Я быстро отстраняюсь, как только это осознаю, и тут же отвожу взгляд. Я не в силах посмотреть на него, ясно ощущая, как сильно начинают гореть мои щеки от стыда; я делаю все возможное, чтобы взять себя в руки.
Я никогда не должна была позволять ему видеть меня такой уязвимой. Уверена, что он в любой момент найдет способ использовать это против меня.
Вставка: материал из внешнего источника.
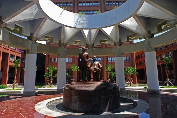 ▲中山大學圖書館前的孫中山坐像與蔣中正立像。(圖/翻攝自中山大學網站)

– Мне пора идти, – говорю я через мгновение дрожащим голосом.
– Нет, – отвечает он, застигая меня врасплох, – у меня есть идея получше.
Сердце замирает в груди, когда я поднимаю взгляд на Киприана, и он одаривает меня улыбкой. Искренней улыбкой, мягкой и многообещающей. Такой улыбки я никогда раньше у него не видела.
Затем мой взгляд перемещается на его протянутую руку, и я понимаю, что он намерен куда-то меня отвести.
Часть меня понимает, что я не должна никуда с ним идти, что делать это было бы абсолютно неразумно, и все же я замечаю, как моя рука тянется к его.
Не говоря больше ни слова, он поворачивается и тащит меня за собой прочь отсюда. Крепко держась за руки, мы проходим через фруктовый сад, перелезаем через сломанный забор и удаляемся от дома.